=== Record excerpts ===
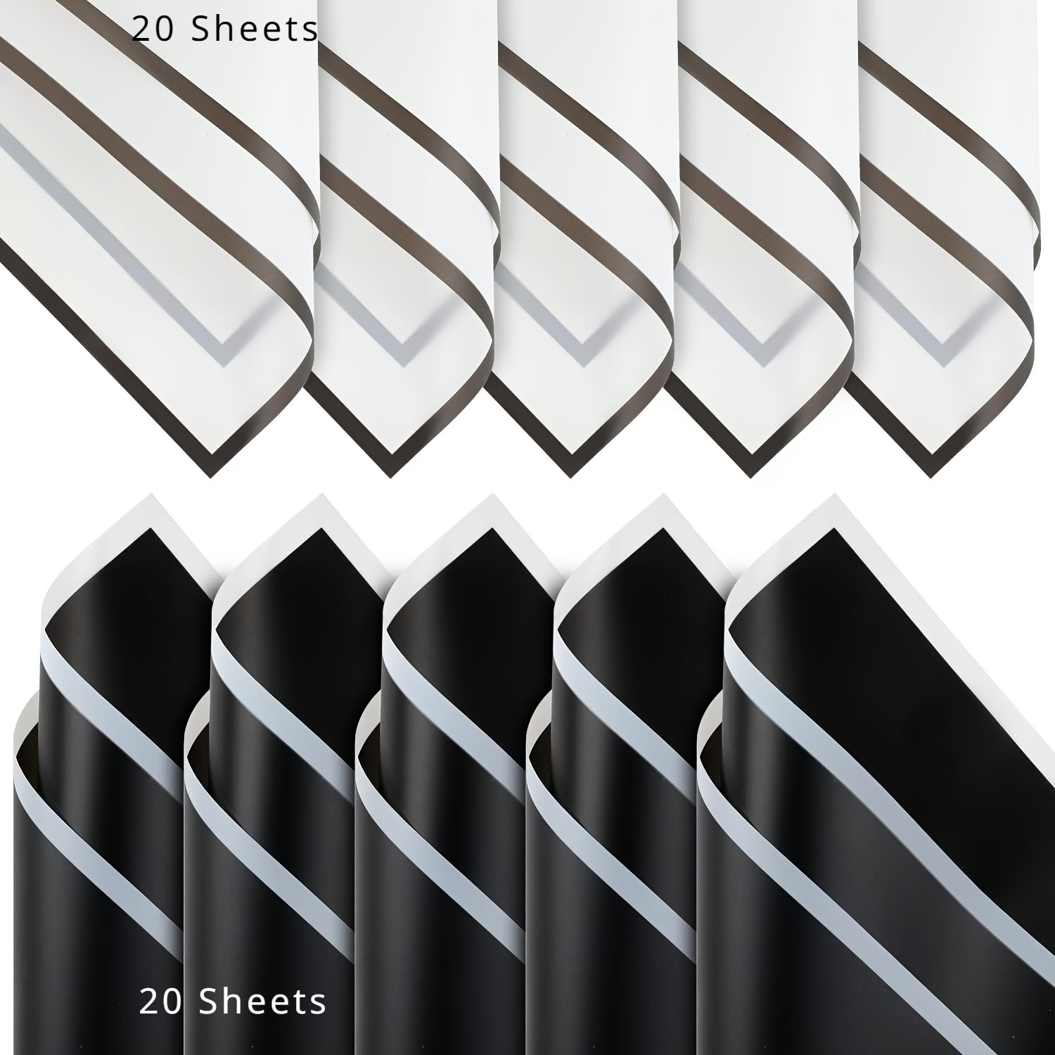 TEMU 새 꽃다발용 흑백 테두리 포장지 40매 (검정 테두리 20매, 흰색 테두리 20매 포함). 꽃꽂이, 선물 포장, 웨딩 포장에 적합하며 모든 행사에 적용 가능
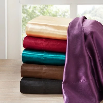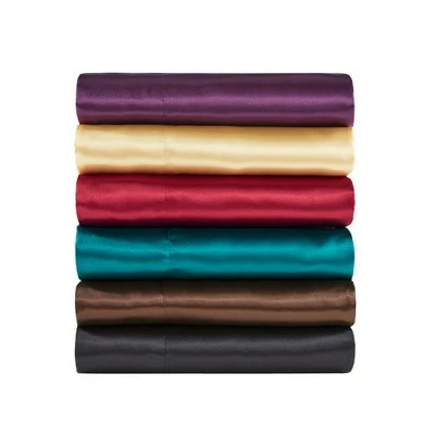 Sleep in luxurious comfort with the Satin Wrinkle-Free Luxurious Sheet Set. Available in several lustrous solid colors, these satin sheets provide a silky and smooth feel that is durable and wrinkle-free. Also included are 2 additional pillowcases to add more lavish style to the satin sheet set. Unlike cotton sheets, these satin sheets do not shrink and are ready to use without additional ironing or steaming. These satin sheets are also OEKO-TEX certified, meaning they do not contain any harmful substances or chemicals, ensuring quality comfort and wellness. Set includes: 1 Flat Sheet, 1 Fitted Sheet, and 4 Pillowcases.
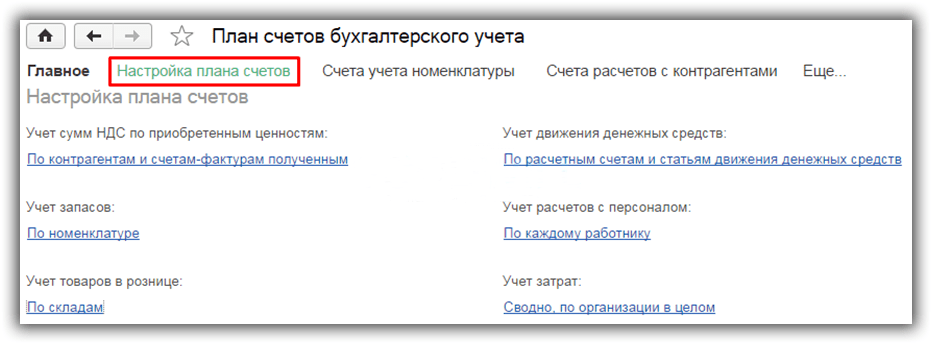 Данный раздел настроек состоит из шести пунктов. Далее мы рассмотрим каждый из них. Все они позволяют влиять на состав субконто у определенных счетов и субсчетов.
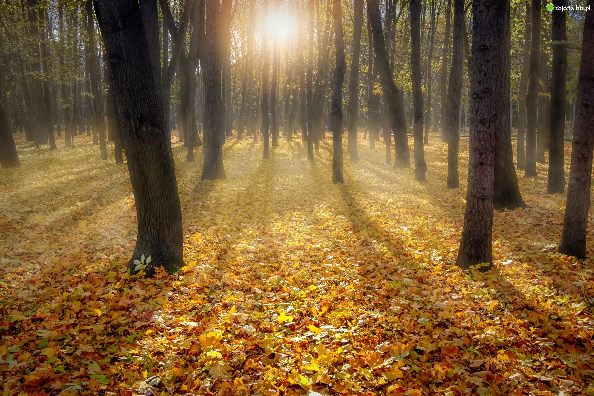 Zdjęcie Las, Liście, Drzewa, Jesień, Przebijające światło
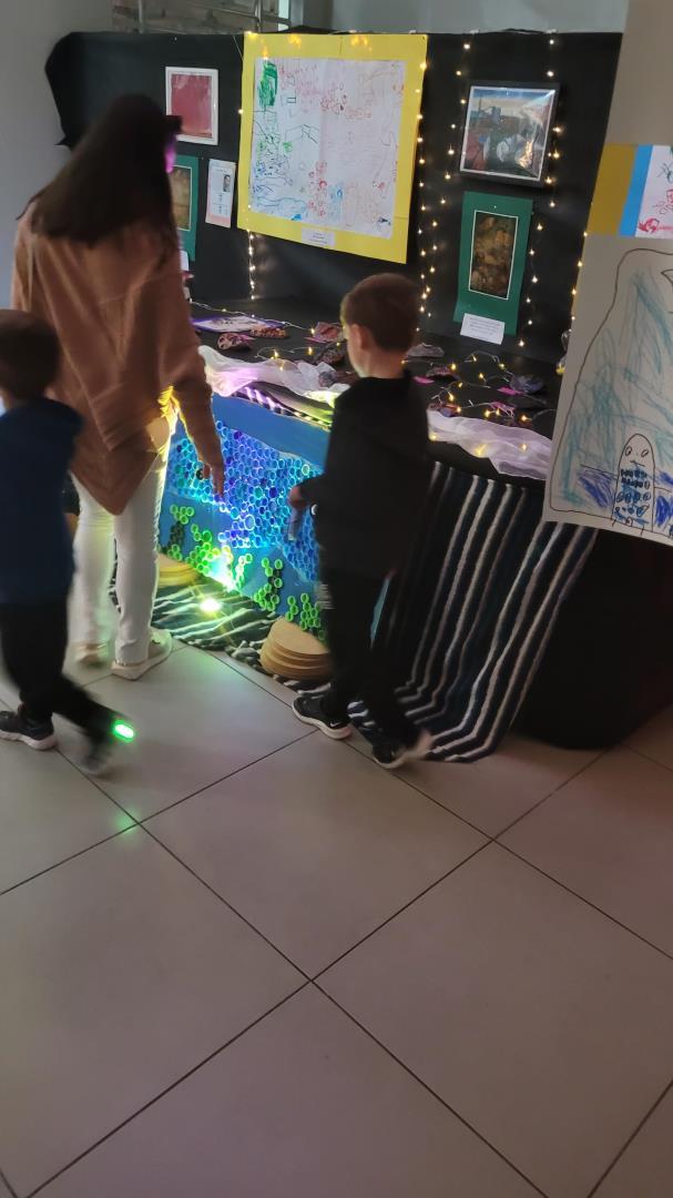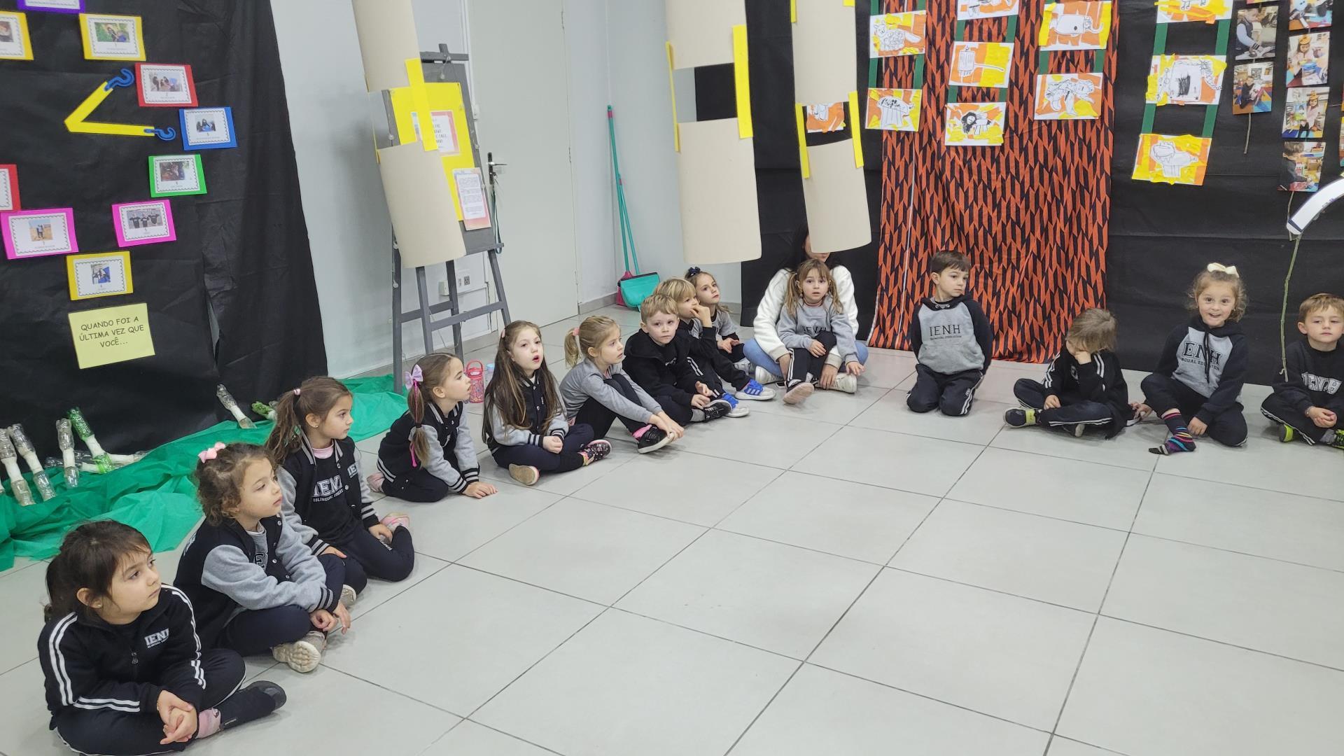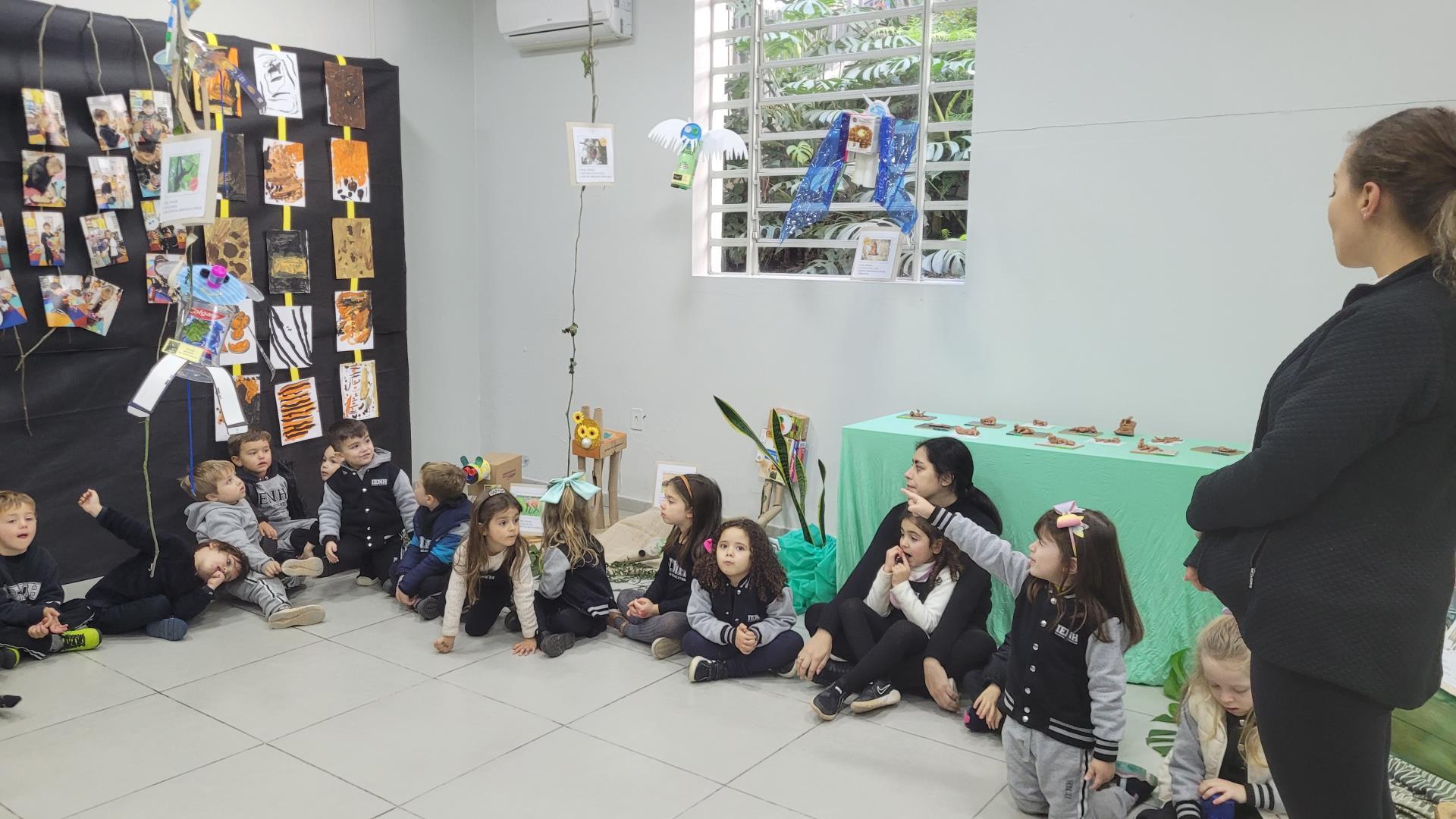 No sábado letivo, dia 5 de julho, as famílias puderam visitar a instalação, apreciar as produções das crianças e participar desse momento de conexão com o processo de aprendizagem. As turmas também se reuniram para trocar impressões e experiências exploradas durante a exposição, consolidando o aprendizado coletivo.
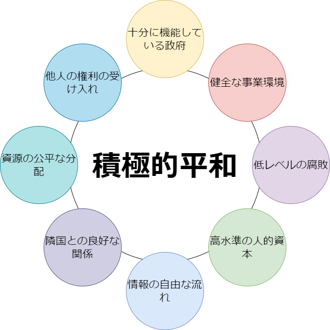 2022년 경제평화연구소는 “긍정적 평화”로 이어지는 8가지 요소를 다음과 같이 재정의했다.[47][48]
===
Return nothing except the lines from the line with "Данный раздел настроек" through the last line of the records above, copied exactly and without pictures.

# [Answer box]
 Данный раздел настроек состоит из шести пунктов. Далее мы рассмотрим каждый из них. Все они позволяют влиять на состав субконто у определенных счетов и субсчетов.
 Zdjęcie Las, Liście, Drzewa, Jesień, Przebijające światło
 No sábado letivo, dia 5 de julho, as famílias puderam visitar a instalação, apreciar as produções das crianças e participar desse momento de conexão com o processo de aprendizagem. As turmas também se reuniram para trocar impressões e experiências exploradas durante a exposição, consolidando o aprendizado coletivo.
 2022년 경제평화연구소는 “긍정적 평화”로 이어지는 8가지 요소를 다음과 같이 재정의했다.[47][48]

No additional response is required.